### Entries provided
^^^^

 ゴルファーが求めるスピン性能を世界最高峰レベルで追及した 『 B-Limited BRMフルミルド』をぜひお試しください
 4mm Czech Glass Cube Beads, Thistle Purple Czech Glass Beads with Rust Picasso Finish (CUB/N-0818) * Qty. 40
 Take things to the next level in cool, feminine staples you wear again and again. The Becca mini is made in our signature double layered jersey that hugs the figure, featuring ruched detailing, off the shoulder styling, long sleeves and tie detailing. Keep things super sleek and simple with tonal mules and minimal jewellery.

^^^^

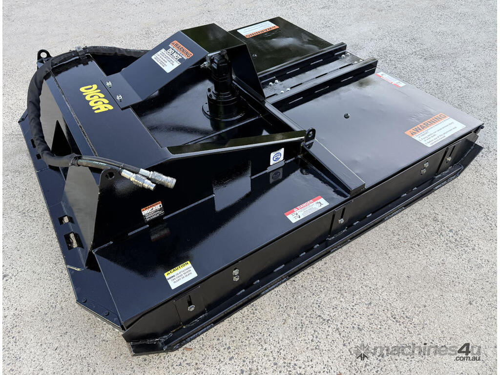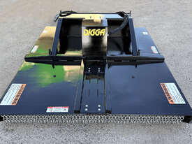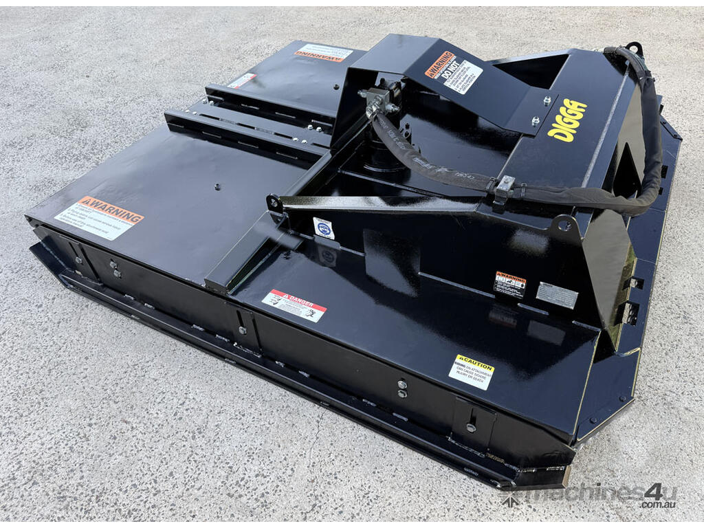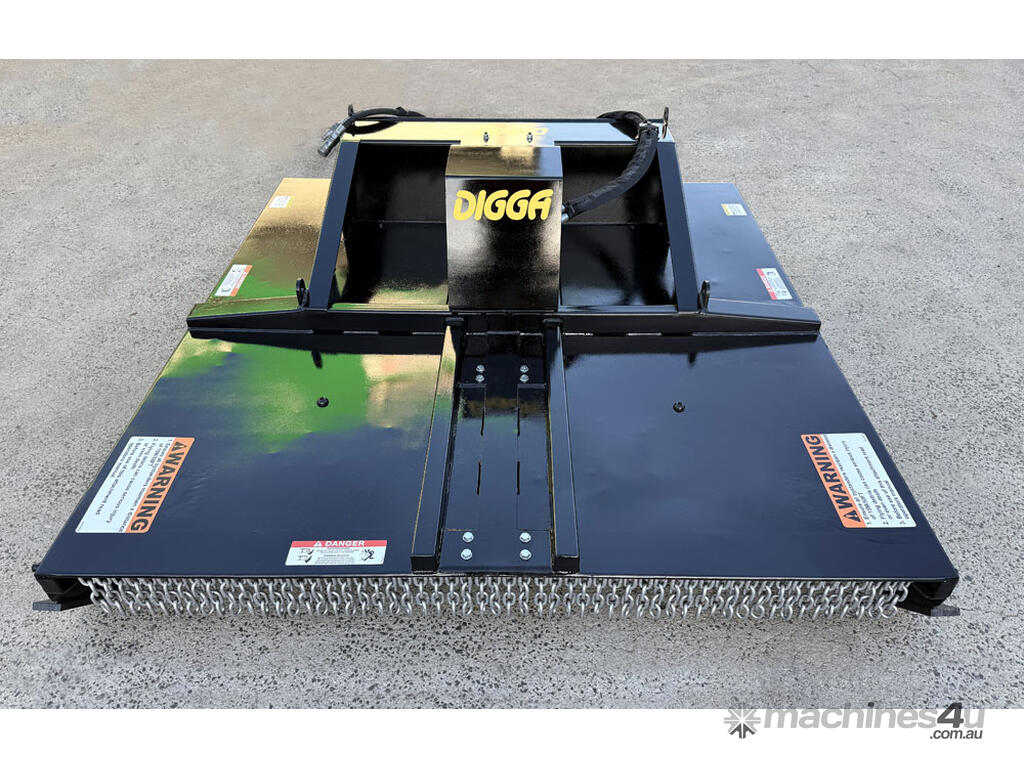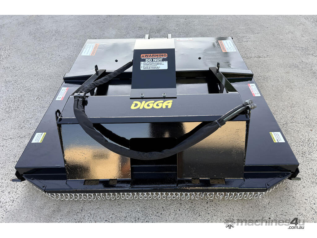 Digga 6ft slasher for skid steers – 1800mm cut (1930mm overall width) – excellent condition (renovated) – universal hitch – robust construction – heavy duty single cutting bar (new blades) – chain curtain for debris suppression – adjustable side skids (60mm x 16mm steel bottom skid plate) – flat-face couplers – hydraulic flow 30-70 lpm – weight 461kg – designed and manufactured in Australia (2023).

^^^^

### Problem to work on
In the listing above, find the line containing "ゴルファーが求めるスピン性能を世界最高峰レベルで追及した 『 B-Limited" and the line containing "Take things to", then quote both, plus every line between them, exactly as written.

### Reply
 ゴルファーが求めるスピン性能を世界最高峰レベルで追及した 『 B-Limited BRMフルミルド』をぜひお試しください
 4mm Czech Glass Cube Beads, Thistle Purple Czech Glass Beads with Rust Picasso Finish (CUB/N-0818) * Qty. 40
 Take things to the next level in cool, feminine staples you wear again and again. The Becca mini is made in our signature double layered jersey that hugs the figure, featuring ruched detailing, off the shoulder styling, long sleeves and tie detailing. Keep things super sleek and simple with tonal mules and minimal jewellery.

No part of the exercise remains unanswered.